The drop_event processor drops the entire event if the associated condition is fulfilled. The condition is mandatory, because without one, all the events are dropped.

processors:
 - drop_event:
     when:
        condition

See Conditions for a list of supported conditions.

Drop fields from events

The drop_fields processor specifies which fields to drop if a certain condition is fulfilled. The condition is optional. If it’s missing, the specified fields are always dropped. The @timestamp and type fields cannot be dropped, even if they show up in the drop_fields list.

processors:
 - drop_fields:
     when:
        condition
     fields: ["field1", "field2", ...]

See Conditions for a list of supported conditions.

Note
If you define an empty list of fields under drop_fields, then no fields are dropped.

Keep fields from events

The include_fields processor specifies which fields to export if a certain condition is fulfilled. The condition is optional. If it’s missing, the specified fields are always exported. The @timestamp and type fields are always exported, even if they are not defined in the include_fields list.

processors:
 - include_fields:
     when:
        condition
     fields: ["field1", "field2", ...]

See Conditions for a list of supported conditions.

You can specify multiple include_fields processors under the processors section.

Note
If you define an empty list of fields under include_fields, then only the required fields, @timestamp and type, are exported.

Rename fields from events

The rename processor specifies a list of fields to rename.

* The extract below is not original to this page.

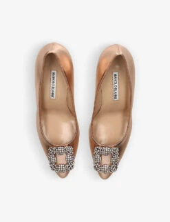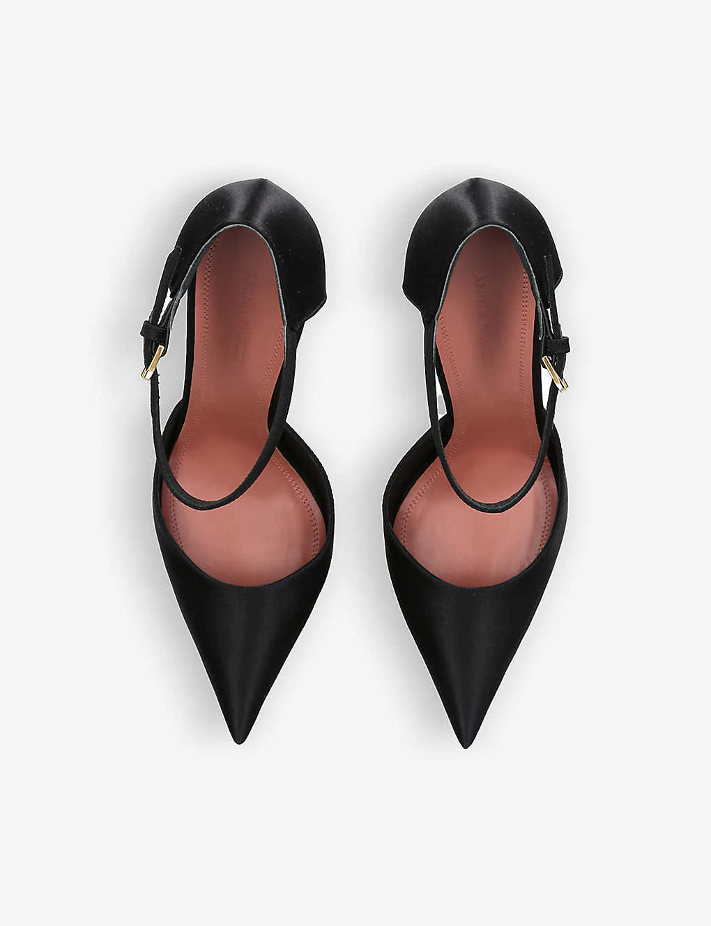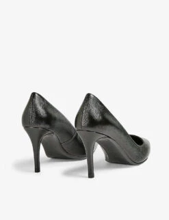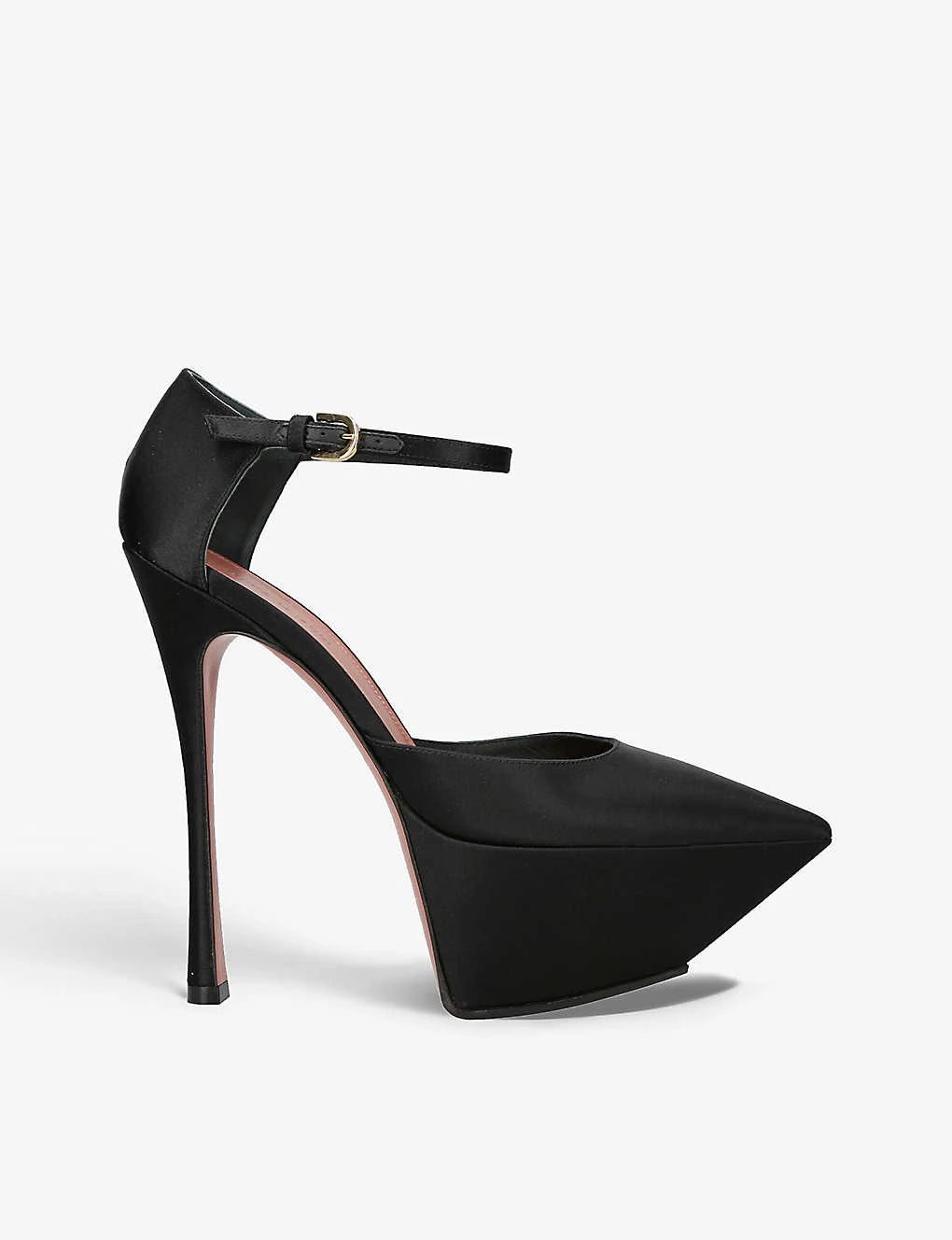 - Closed toe, pointed toe, platform sole, stiletto heel, gold-tone hardware

Under the fields key each entry contains a from: old-key and a to: new-key pair. from is the origin and to the target name of the field.

Renaming fields can be useful in cases where field names cause conflicts. For example if an event has two fields, c and c.b, that are both assigned scalar values (e.g. {"c": 1, "c.b": 2}) this will result in an Elasticsearch error at ingest time. This is because the value of a cannot simultaneously be a scalar and an object. To prevent this rename_fields can be used to rename c to c.value.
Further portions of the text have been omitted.